**The data:**
........
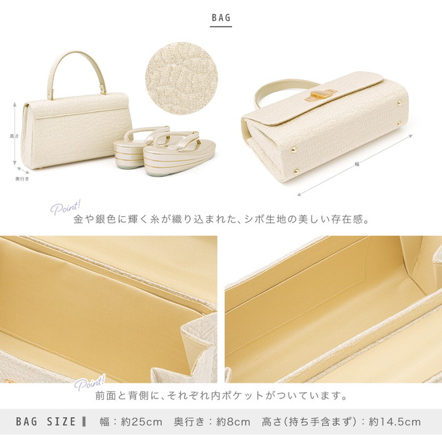 バッグは、金や銀色に輝く糸が織り込まれたシボのある素材で落ち着いた印象です。
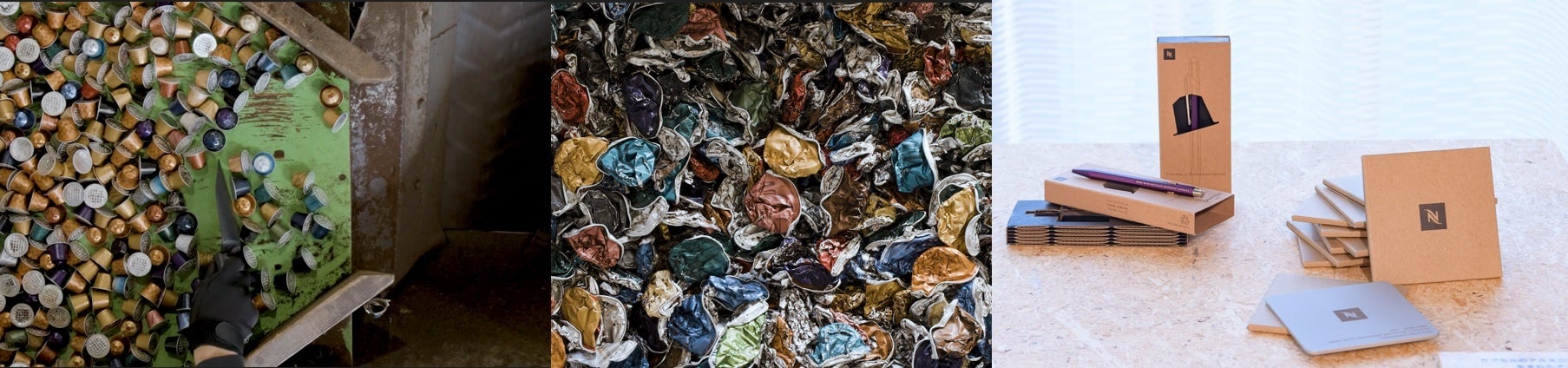ネスプレッソはコーヒーが育つその地球に敬意を払い、持続可能なコーヒーの提供に向けた取り組みのうちの一つとして、2020年8月より日本にて独自のリサイクルプログラム「ネスプレッソ リサイクルプログラム」を開始しました。カプセル回収ボックス設置店舗やパートナー企業等にて回収した使用済みカプセルを分別し、カプセルのアルミニウムは再生アルミニウム素材に、またコーヒーかすは培養土へと生まれ変わっています。
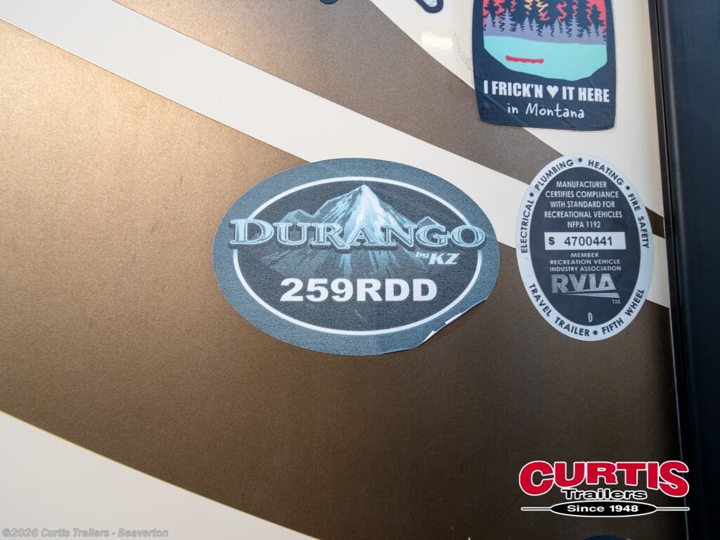 KZ Durango 1500 fifth wheel D259RDD highlights: U-Shaped Dinette 20 Electric Awning 8 CU FT Refrigerator Sleeps Six Two slides are what provide the extra space needed for this Durango 1500 fifth wheel to sleep six people during each of your travels. Whether you spend your night on the queen-size bed in the master bedroom, the U-shaped dinette, or the sleeper sofa, you will wake up rejuvenated and refreshed for the day ahead, and after feeling the warmth of the morning sun streaming through the shower skylight as you get ready, you will truly be ready to tackle any adventure that comes your way. Each Durango 1500 lightweight luxury fifth wheel by KZ includes Dexter Axles with self-adjusting brakes and Equa-Flex rubberized suspension for a smooth ride to any destination, and the fully heated and enclosed underbelly ensures that your tanks will stay warm enough so that you will always have running water even during the cooler seasons. The fully-finished, heated and sealed basement storage compartment will be able to hold all of your larger travel items in a safe environment that won t allow water to damage any of your valuables, and the 50 AMP service that has been included in the Durango 1500 makes it possible for you to enjoy your favorite electrical components no matter where you ve chosen to get away.
........
**Work task:** Restate the full listing verbatim and drop every picture.

**Result below:**
 バッグは、金や銀色に輝く糸が織り込まれたシボのある素材で落ち着いた印象です。
ネスプレッソはコーヒーが育つその地球に敬意を払い、持続可能なコーヒーの提供に向けた取り組みのうちの一つとして、2020年8月より日本にて独自のリサイクルプログラム「ネスプレッソ リサイクルプログラム」を開始しました。カプセル回収ボックス設置店舗やパートナー企業等にて回収した使用済みカプセルを分別し、カプセルのアルミニウムは再生アルミニウム素材に、またコーヒーかすは培養土へと生まれ変わっています。
 KZ Durango 1500 fifth wheel D259RDD highlights: U-Shaped Dinette 20 Electric Awning 8 CU FT Refrigerator Sleeps Six Two slides are what provide the extra space needed for this Durango 1500 fifth wheel to sleep six people during each of your travels. Whether you spend your night on the queen-size bed in the master bedroom, the U-shaped dinette, or the sleeper sofa, you will wake up rejuvenated and refreshed for the day ahead, and after feeling the warmth of the morning sun streaming through the shower skylight as you get ready, you will truly be ready to tackle any adventure that comes your way. Each Durango 1500 lightweight luxury fifth wheel by KZ includes Dexter Axles with self-adjusting brakes and Equa-Flex rubberized suspension for a smooth ride to any destination, and the fully heated and enclosed underbelly ensures that your tanks will stay warm enough so that you will always have running water even during the cooler seasons. The fully-finished, heated and sealed basement storage compartment will be able to hold all of your larger travel items in a safe environment that won t allow water to damage any of your valuables, and the 50 AMP service that has been included in the Durango 1500 makes it possible for you to enjoy your favorite electrical components no matter where you ve chosen to get away.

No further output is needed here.